The RHA is working with a security agency on a plan that will allow staff at its facilities to call for protection on short notice. It will also assess its buildings for potential security improvements, such as improved locks, and ways to secure objects that could be used as weapons. That’s something that’s already done in Hamiota.

For now, staff is encouraged to carry two-way radios and they can ask for a shift partner if they think working alone is too risky.

Calls for increased safety were made after a nurse was attacked at the Hamiota hospital. On March 15, a patient at the Hamiota District Health Centre cornered a pair of nurses.

He stabbed a nurse with a pen, hit her with a piece of wood and also tried to choke her with a wooden board.

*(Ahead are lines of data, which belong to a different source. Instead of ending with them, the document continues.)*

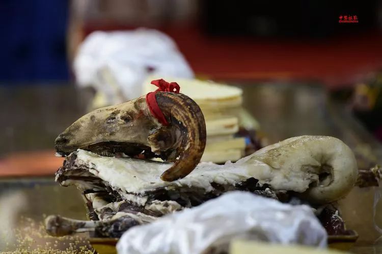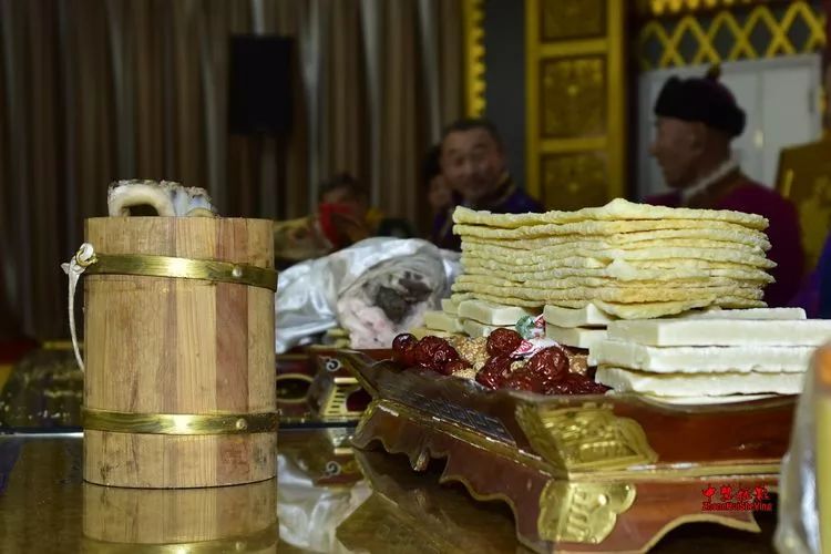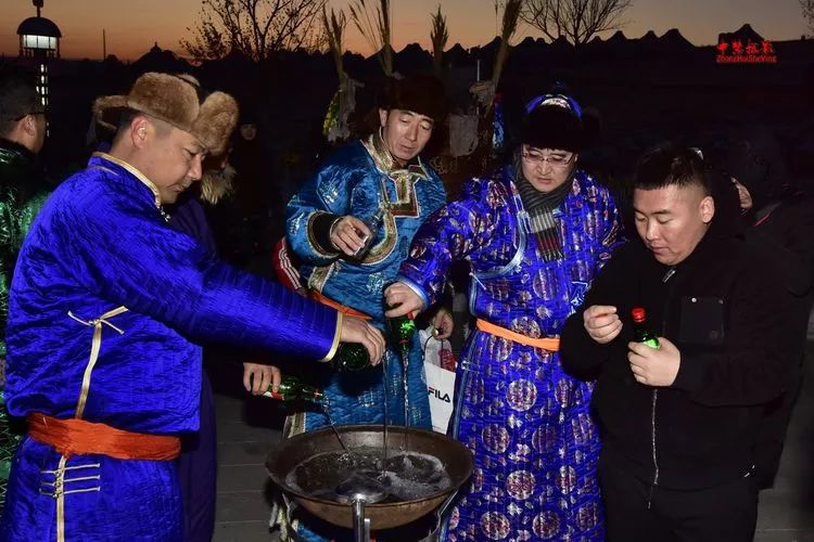蒙古族祭祀火神要用羊胸叉、奶食品、酒等供品。通常在胸叉内填满红枣、黄油、冰糖、奶酪、柏叶、哈达等,用白色羊毛线缠绕九圈后煮熟。
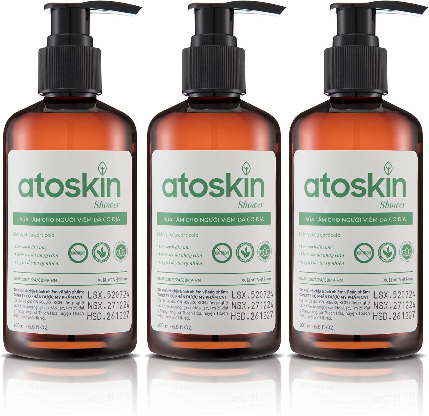 Atoskin Shower Gel (3 Pack) - for Eczema, Psoriasis, Dermatitis, and Anti-Itch Relief - Maximum Strength for Both Kids and Adults (20.4 oz)
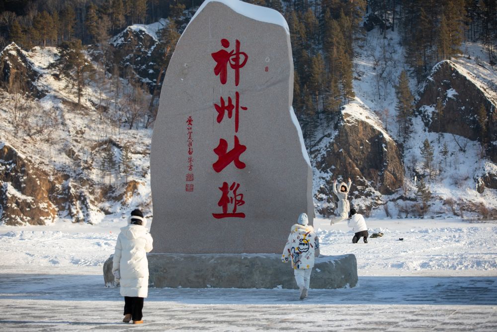 2023年1月10日,在黑龍江省漠河市北極村神州北極廣場(chǎng),游客在拍照留念。新華社記者 張濤 攝
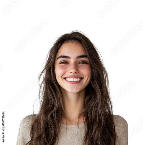 Smiling young woman portrait bright cheerful confidence isolated on transparent background
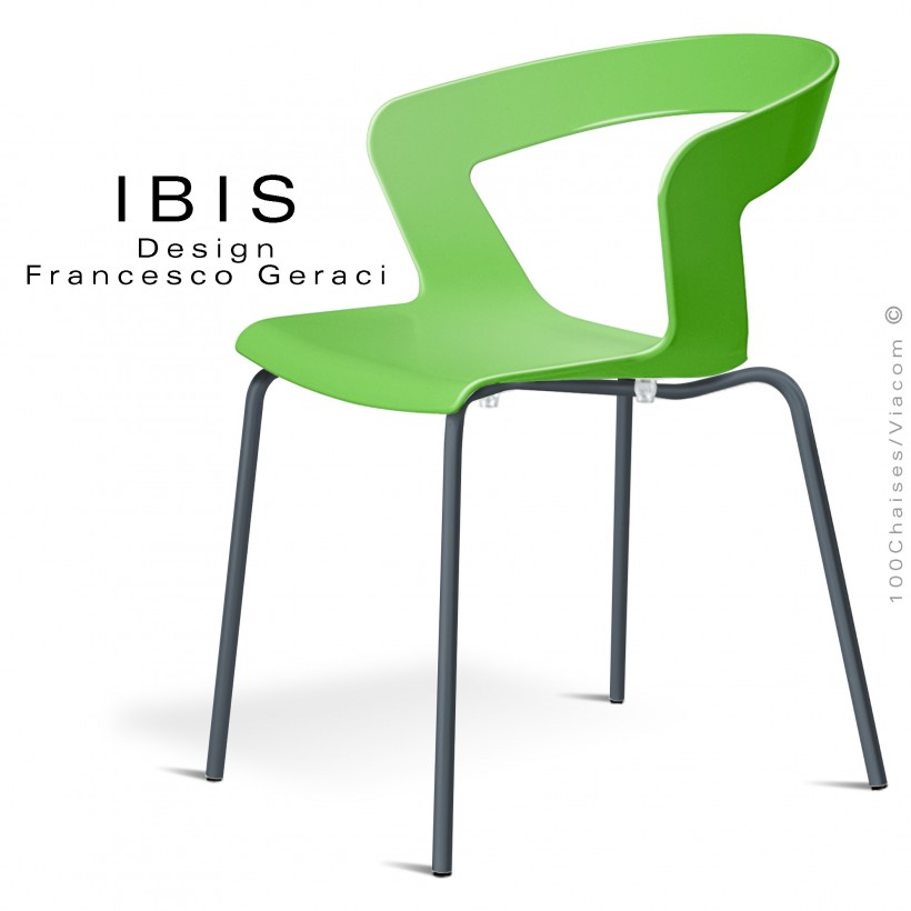 Chaise design IBIS piétement peint anthracite, assise coque plastique couleur verte.
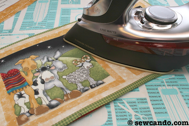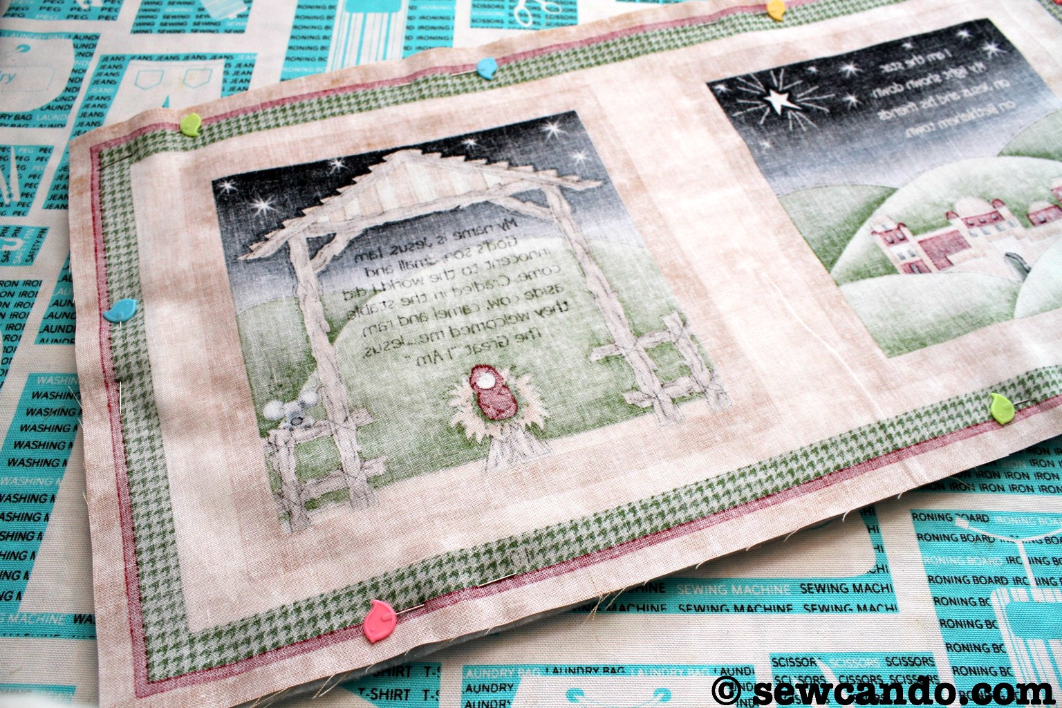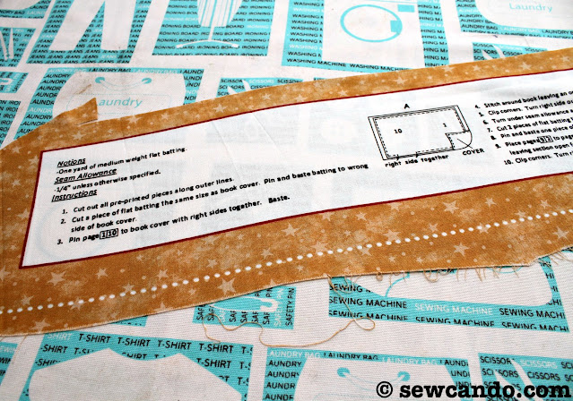 Basically, you just follow the cut lines, pair the proper pages together (right sides facing), put on a layer of batting, pin and stitch around, leaving a couple inch wide gap.
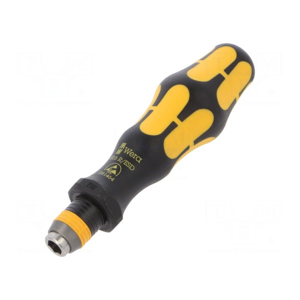 Rękojeść wkrętakowa WERA 05051464001 to narzędzie wyposażone w uchwyt szybkomocujący o rozmiarze 1/4". Produkt przystosowany jest do pracy w środowiskach wymagających ochrony przed wyładowaniami elektrostatycznymi dzięki właściwościom ESD.
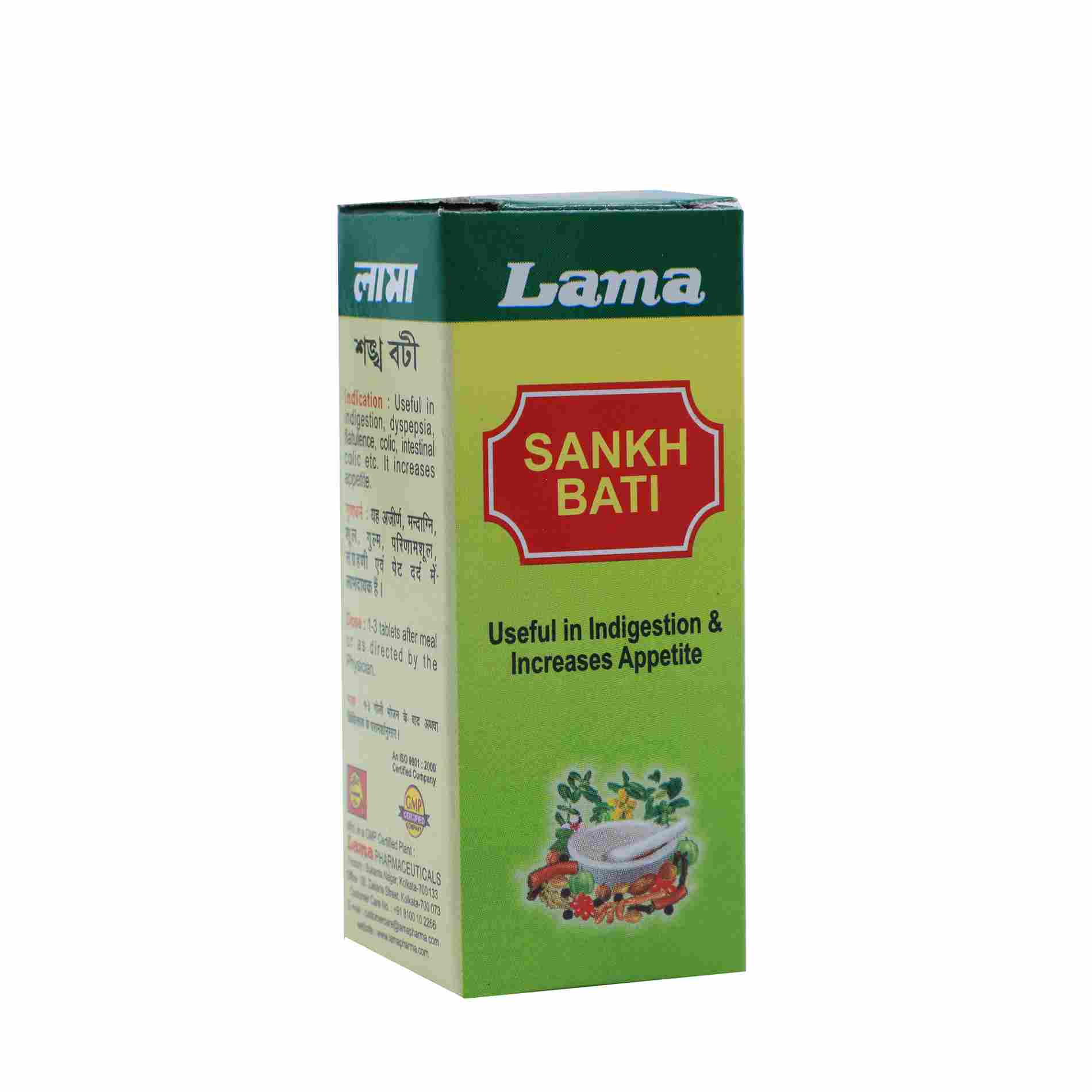 Lama Sankh Bati is a herbal remedy for digestive ailments. Enriched with the goodness of herbs such as Tamarindus indica and Nimbu swarasa, it helps in improving appetite and digestion. It provides relief from dyspepsia, flatulence and colic pain.
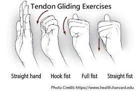 7. ออกกำลังกายเพื่อเพิ่มการเคลื่อนไหวของเส้นเอ็นนิ้วมือ (Tendon Gliding Exercise) ช่วยรักษาและฟื้นฟูมือ โดยทำท่าละ 10 ครั้ง แต่ละท่าค้างไว้ 5 วินาที เช้า – เย็น
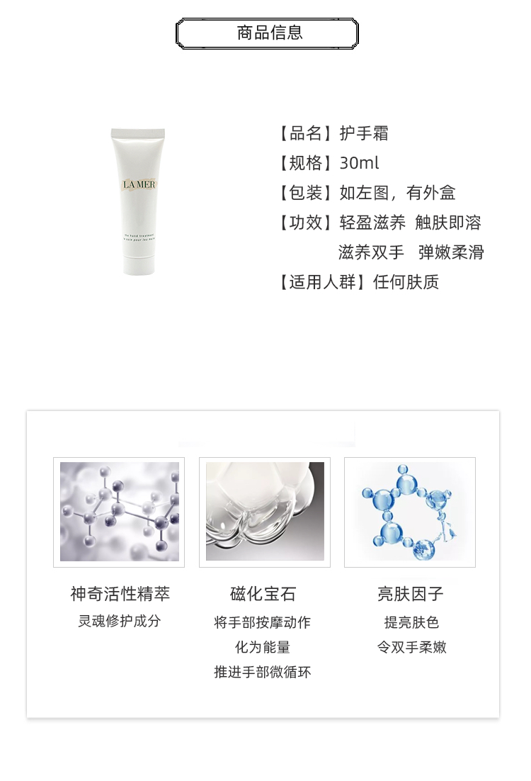 【专柜小样】法国 LA MER海蓝之谜 修护手霜 30ml
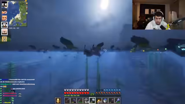 12:29:00Die Teilnehmer tauschen sich über vergangene Erlebnisse aus, darunter ein Erdbeben auf Madeira während eines Calls. Parallel wird der aktuelle Zustand des Servers besprochen: Acht Spieler haben durch einen Vorfall mit Ali Netherite verloren, und die Base wurde trotz Zerstörung wieder aufgebaut. Es folgen Absprachen für einen Besuch bei Gigants Burg, während技术ische Probleme (z.B. Todesfall durch Fallhöhe) humorvoll thematisiert werden.
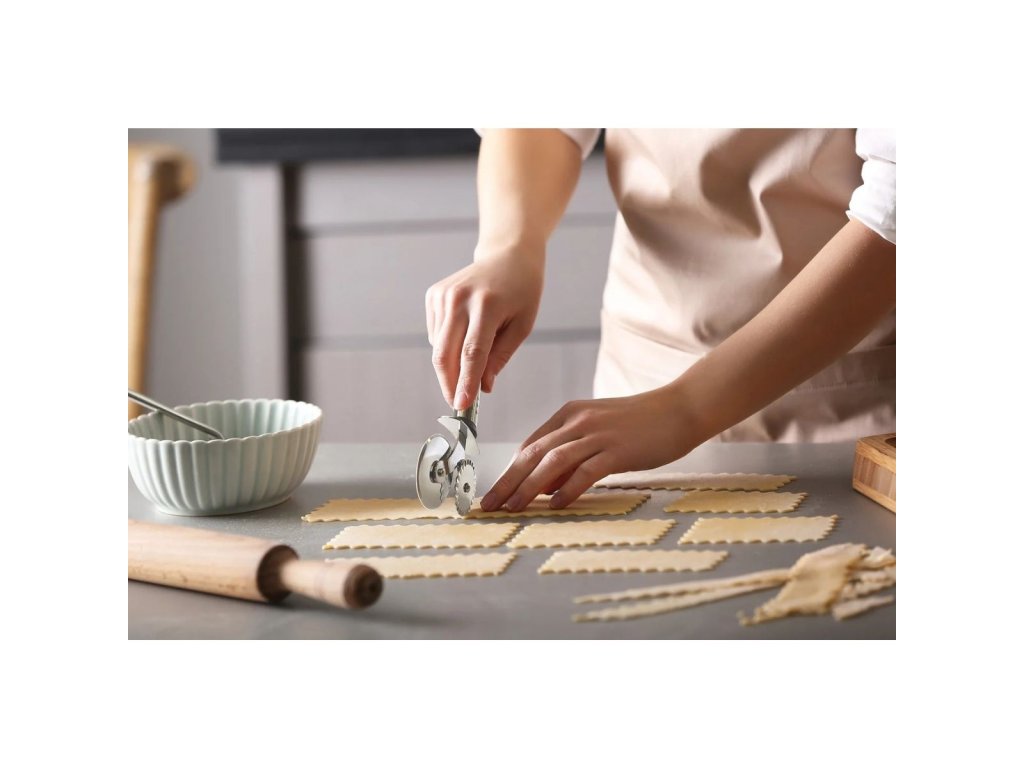 Rádýlko je ideální pro každého, kdo chce dodat svému pečení profesionální vzhled a proměnit každý kousek v malý kulinářský skvost. Ostré provedení umožňuje plynulé krájení bez trhání těsta a zajišťuje přesné výsledky.
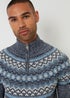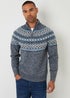 Threadbare Navy Fairisle Knitted Quarter Zip Jumper

When another employee arrived and called 911, the patient fled, stole a car and was Tasered and arrested after a police chase.

A psychiatrist later attributed the man’s behaviour to an epileptic seizure that left him in a state of psychosis.

The man maintains he doesn’t remember the attack. Last week, a provincial court judge found him not criminally responsible due to a mental disorder.

His case has been handed over to the Criminal Code Review Board. He remains in custody pending a hearing to be held within the next few months.

The board will decide whether he gets an absolute discharge and is released, receives a conditional discharge — he may live in a group home with conditions — or whether he’ll be detained at a mental-health facility.